When you accept that you really only live in the NOW moment, you learn to release any conditions upon your joy. As a conscious creator you know that eating a piece of chocolate will only make you fat if you believe it will. If you release that belief, then you are free to enjoy that chocolate, and if you are centered in your own state of joy, there is no need to judge yourself guilty for doing anything that gives you pleasure.
As stated earlier, there really is no past or future, only NOW. If you believe in guilt and punishment then you create the circumstances for that punishment at the same moment in which you are doing the guilty action. That punishment might not manifest immediately, and can take any number of forms, but as long as you believe in the duality, the cause and effect conditionality, you will create it.

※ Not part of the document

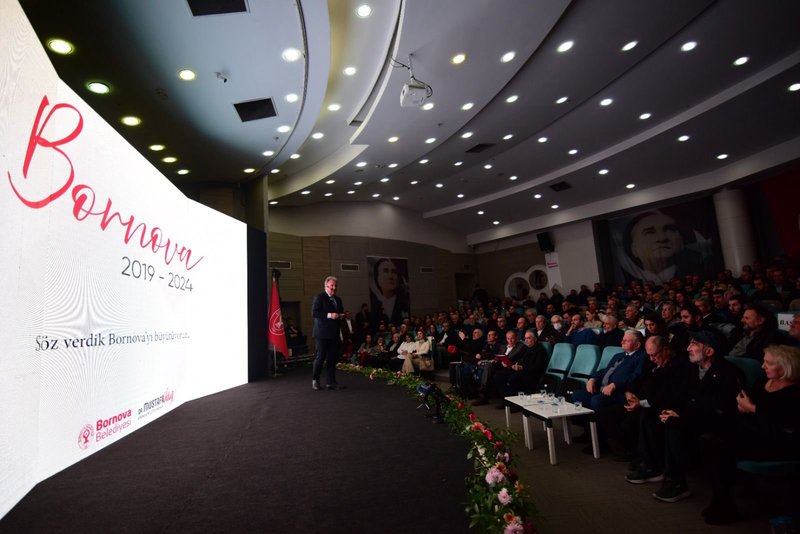 Kamunun en büyük yükünün kiralık araçlar olduğunu belirten Başkan İduğ: "68 araç ile başladık, 147’ye geldi. Bugün bence kamunun en büyük yükü kiralık araçlar. Çalışan maliyeti evet inanılmaz noktaya geldi ama bu maliyetler de bütçenin 15’ini oluşturuyor. Toplam gider içinde yüzde 65 personel gideri. Yüzde 35 ile tedarikleri karşılamanız mümkün değil. Gelirinizi artıramıyorsanız giderinizi aşağıya çekeceksiniz. Bugün bir kamyonun kirası 130 bin TL-150 bin TL. 350 ile 400 milyon TL araç kirası ödeyeceksiniz. Hangi belediye ödeyebilir? Bir şey daha kazandık; 400 milyon TL varlığımız oldu. Kira ödemiyor, borcu var mı, yok! Devlet Malzeme Ofisi’nden aldık araçlarımızı. Bornova hesap verebilir bir belediye" dedi.Saate 160 ton asfalt ürettiklerini belirten Bornova Belediye Başkanı Mustafa İduğ: "Saatte 160 ton asfalt üretiyoruz. 7 ilçeye asfalt satıyoruz. Böyle bir tesis 60-70 milyon TL. Biz 1 senede parasını geri aldık. Hem ürettik hem sattık. 1800 TL’ye satın alırken, 900 TL’ye ürettik. 2022 yılında 40 bin ton, 2023 yılı 70 bin ton asfalt üretildi. Bütün firmalar kazıyor. Bu böyle olmaz dedik. Şikayet Bornova Belediyesi’ne geliyor. Hemen giriştik, asfalt üretiyoruz bir şirket kurduk. Kurumlarla anlaşmalar yaptık çukurları kapatıp paralarını tahsil ediyoruz" dedi.Bornova'daki öğrencilere yönelik açıklamalarda bulunan Başkan İduğ: " Biz sosyal belediyecilik anlayışı ile kız yurtlarını artırdık. Biri bitti. Toplamda 700 öğrenciye hizmet veren bir çalışma içinde olacağız. Çamdibi Yarı Olimpik Kapalı Yüzme Havuzu’nu oraya kurduk. 5 bin üzerinde çocuğun spor yapmasını sağladık. Naldöken Pazar Yeri’nde esnafın durumu kötüydü. Sırf Pazar yeri ile kalmıyor. Burayı Batıçim’den satın aldık. Bornova’nın mülkü oldu. Biz fonksiyonel bir çalışma yaptık. Özkanlar Pazar yeri burası kapalıydı. Burayı 2019 sonunda çatık. Haftanın 5 günü pazar yeri oldu" dedi.Dernekleri bir araya getirdiklerini belirten Bornova Belediye Başkanı Mustafa İduğ: " Atatürk Sivil Toplum Kuruluşları Yerleşkesi’ni ilk geldiğimizde kültür merkezi olarak kullanılan yeri sivil toplum örgüt merkezi yaptık. ADD burada, 49 tane kadın derneği, sektörel dernekler burada. 452 olduğunu biliyorum. Burada sadece para mı önemli. Burada sinerji önemli. Derneklerin bir araya gelerek iş yapması önemli. Burada inanılmaz bir çalışma var" dedi.Kreş ve taziye evlerini açtıklarını belirten Başkan İduğ: " Bir çocuğun kreşe gittiğindeki aylık ücreti 8, 10 bin TL. Burada 14 tane çocuk oyun aktivite merkezi var. 23 tane kreş tamamlandı. Kalanları da hizmete sokacağız. Ücret almıyoruz. İşte sosyal devletin iyi örneklerinden bir tanesi. Bornova’nın nüfusu gündüz 1 milyon. Öğrenciler var, hastaneye gelen ziyaretçiler var, sanayi sitlerine gelenler var. Bornova aslında İzmir’in kalbi. Türkiye’ye hizmet eden ayakkabıcılar sitesi burada. Lojistik burada. Nakliyeciler burada. 500 bin gece burada yatan Bornovalı onların da yükünü çekiyor. İller Bankası’ndan aldığımız para 470 bin kişiye göre. Taziye için gelenler nerede toplanacaklar. 18 tane taziye evini vatandaşların kullanımına hazır hale getirdik" dedi.Mesleği olanları işe yerleştirdiklerini belirten Başkan Mustafa İduğ: " Mesleği olanları işe yerleştiriyoruz. İş arayanlarla işçi arayanları bir araya getiriyoruz. Nitelikli insan çalışması. Biz geldik. Bornova’nın 2 bin kişilik kapasitesi var. 500 kişiyi alırsanız 2 binin maaşını ödeyemezsiniz. Altın Bilezik projesi ile insan kaynakları ile çalışmak isteyenleri bir araya getirdik. 21 bin kişiyi işe yönlendirdik. Bu ülkede işsizlik var mı, ben merak ediyorum. Bu kadar insan iş arıyor. Otele gidiyor çalıştıracak insan bulamıyorlar, mesleksiz insan çok. O yüzden bu insanların ortaokul sonrasında eğitim alması lazım" dedi.

When you begin to really love yourself, and see everything through a lens of love, you see in terms of unity instead of duality. You can see the connections between seemingly unrelated events, and synchronicities just seem to make sense as the new norm. You can see how duality is a struggle of opposites, forces balance each other by struggling in opposition. Whether you label them “good and evil” or “ego and inner being” or “order and chaos” the result is always the same, you are focusing your energy in opposition to yourself, rather than toward fulfilling your desires. This has the same effect as pressing the gas at the same time you are pressing the brake in your automobile – lots of energy and effort, little or no movement or results. As a simple exercise, push your hands against each other as hard as you can for several seconds. Feel how tiring that is? When you believe in duality and take action within that framework, that is where your energy is going every moment.
How do you stop believing in duality? Choice, and self love. Behind every seeming duality is a uniting truth – open yourself to seeing and understanding that truth. Accept that all of you is worthy of love, that you are a wonderful loving being NO MATTER WHAT YOU “THINK.” Let any resistance come up, and gently remove it. Let love encompass it and flow around it the way a river flows around a stone, slowly eroding it until the current carries it away.
Homework: Write down everything that you appreciate about yourself. Re-read it, and let that sense of love and appreciation really stay with you for at least a few minutes – bask in it. Afterward, pay attention to any kind of resistance that may have come up during the exercise. You may notice this resistance as “negative” emotion. Write down whatever you felt and try to see it from the perspective of love.
This will be the last actual lesson, although we are going to have at least one more question and answer section which will be presented either tomorrow or on Tuesday – so get your questions to us if you have ’em! Both of us have completely enjoyed writing this class and really appreciate all the wonderful feedback we have recieved as well as the great questions. Thanks to everyone who shared this experience with us.